После этого нам остается только обратить сложение, чтобы получить вычитание, временно отрицательное сложение - ни больше, ни меньше. На следующем этапе мы продолжаем использовать умножение и деление как кратчайшие пути к все более сложным сложениям и вычитаниям. И так далее, и так далее. Но мы никогда не покидаем этернализм в рамках математики, которая, конечно, в конечном счете является прикладным этернализмом par excellence. Однако мобилистское существование вне математических построений не обращает на это никакого внимания; оно ничуть не более математично, чем этерналистское. Все подобные вещи - лишь иллюзорные представления, питаемые нашими неадекватными, хотя и функциональными средствами навигации в суматохе существования. Здесь важно отметить, что математика не отделяет себя от физики как некое последнее по времени возникновение - для этого не нужна такая внезапно возникшая мистическая степень сложности - скорее, это разделение происходит в тот самый момент, когда математика вообще начинает использоваться. Структурированная фантазия отправляется в одном направлении, хаотичная реальность - в другом. Мы живем в радикально реляционистской вселенной - не в математической. Мы не должны следовать за аутичным Платоном и принимать заманчивые упрощения и причудливые симметрии математики за бесконечно сложную реальность как таковую. Математика - это всего лишь наш вечный способ понять мобилистскую среду, которая постоянно ускользает от наших описаний, и в конце концов это должно относиться и к математическим формулам как таковым, которые становятся осязаемыми в трансфинитной математике Георга Кантора. По мнению британского философа и математика Бертрана Рассела, одного из самых выдающихся учеников Уайтхеда, Кантору удалось создать науку о бесконечности. Синтетизм может только согласиться с этим и, если ничего другого не остается, поблагодарить за вдохновляющие метафоры.
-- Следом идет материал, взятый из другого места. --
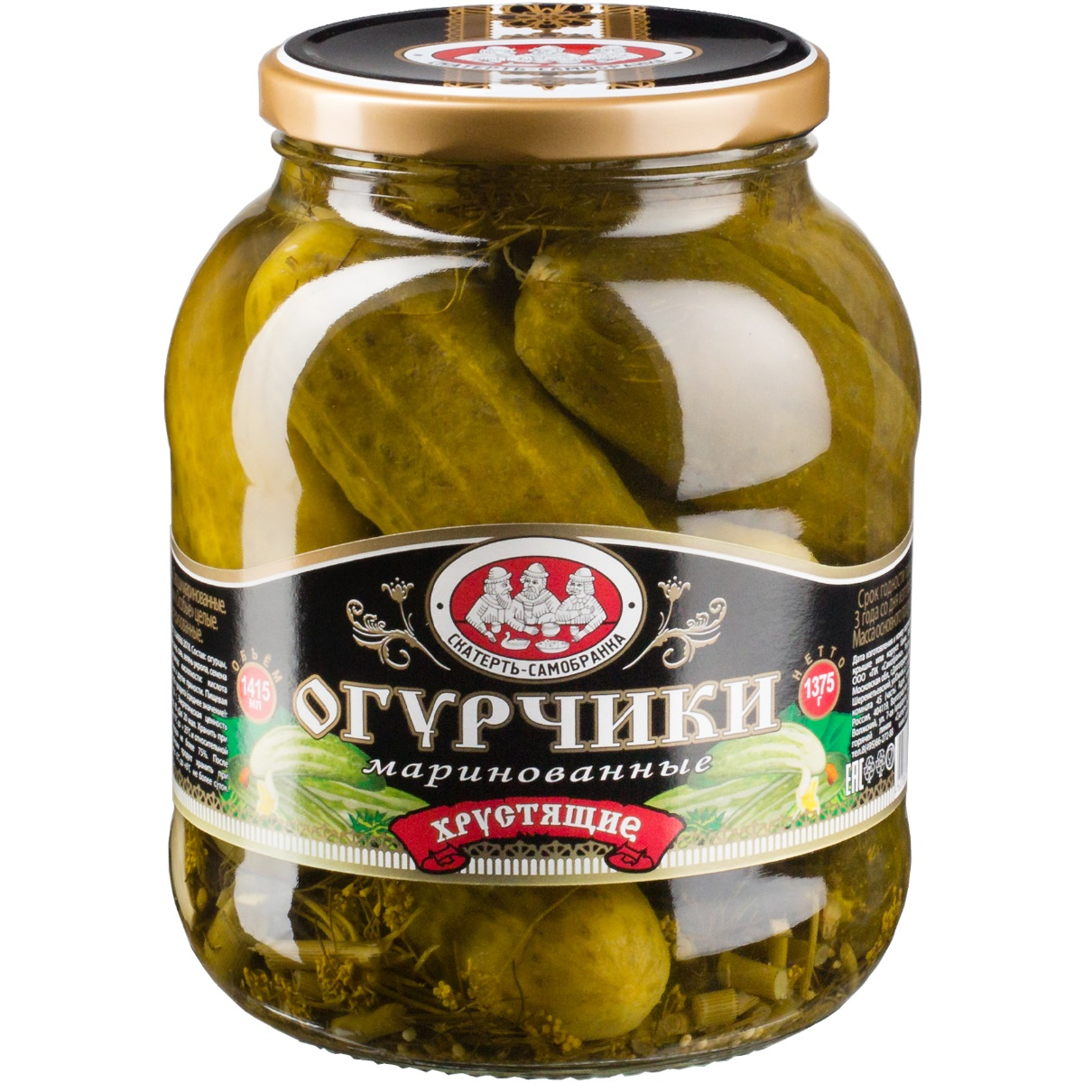 Сложно представить себе традиционное русское застолье без маринованных огурцов. Огурцы маринованные Скатерть-Самобранка, 1,415 л станут прекрасным дополнением стола. Они идеально подойдут как в качестве самостоятельной закуски, так и при использовании их в различных блюдах. Отборные хрустящие огурцы, приготовленные по традиционному рецепту, порадуют вас изумительным вкусом. Умеренный кисло-сладкий маринад, сдобренный зернами горчицы, добавляет огурцам дополнительную легкую пикантность. Маринованные огурцы не утрачивают полностью своих полезных свойств: они содержат сложные органические вещества, а также витамины С, В1,В2, В5, В6, РР, Е и провитамин А.

Согласно реляционизму, как утверждает шведский философ религии Матц Хаммарстрем, между человеком и его окружением всегда преобладает внутридействующая взаимозависимость. Или, выражаясь феноменологически: не существует реальной границы между ближним и окружающим миром человека. Все явления, с которыми сталкивается человек, уже включают его самого онтологически. Тогда даже эпистемология, а в конечном счете и этика, должны подчиниться этому факту. Знание об окружающем мире невозможно без того, чтобы сам человек не был неотъемлемой частью объекта этого знания, реляционного феномена, участие которого должно постоянно дисконтироваться в каждом этернализированном расчете. Именно здесь Платон и его математика радикально расходятся с мобилистским мышлением. Для Платона дуальность, которую предлагает математика, является фундаментальной данностью для онтологии, но бытие не содержит таких дуальностей за пределами мира математики. Феномены могут быть диахроническими по отношению друг к другу, но это само по себе не означает, что они двойственны, во что нас заставляет верить математика. Два явления могут возникать одновременно или в одной и той же области, но никогда - одновременно. И наоборот: если две вещи возникают либо в разные моменты времени, либо в разных местах, они тем самым автоматически всегда являются разными явлениями.
Гераклит - первый человек в истории, который серьезно осознал и сформулировал это. Его вселенная вертикальна и рассматривает контекст как первичный. Парменид отвечает ему горизонтальной вселенной, в которой первичны последовательности. Не степень истинности этих утверждений определяет, какая из этих ветвей доминирует на философской арене, а то, насколько хорошо они соответствуют и адаптируются к господствующим структурам власти. Таким образом, не что иное, как полезность мировоззрения Парменида для феодальной и капиталистической элит, обеспечивает ему доминирующий статус, вплоть до появления реляционизма Уайтхеда и Бора, когда, спустя столько времени, Гераклит оказывается прав - по крайней мере, на данный момент. Три знаменитые цивилизационные основы Просвещения - индивид, атом и капитал - и первозданные формы субъекта и объекта Канта уходят своими корнями к Пармениду. В то же время сетевая динамическая революция вырывает ковер из-под ног индивидуализма и атомизма, а также капитализма, и тем самым из всего наследия Парменида.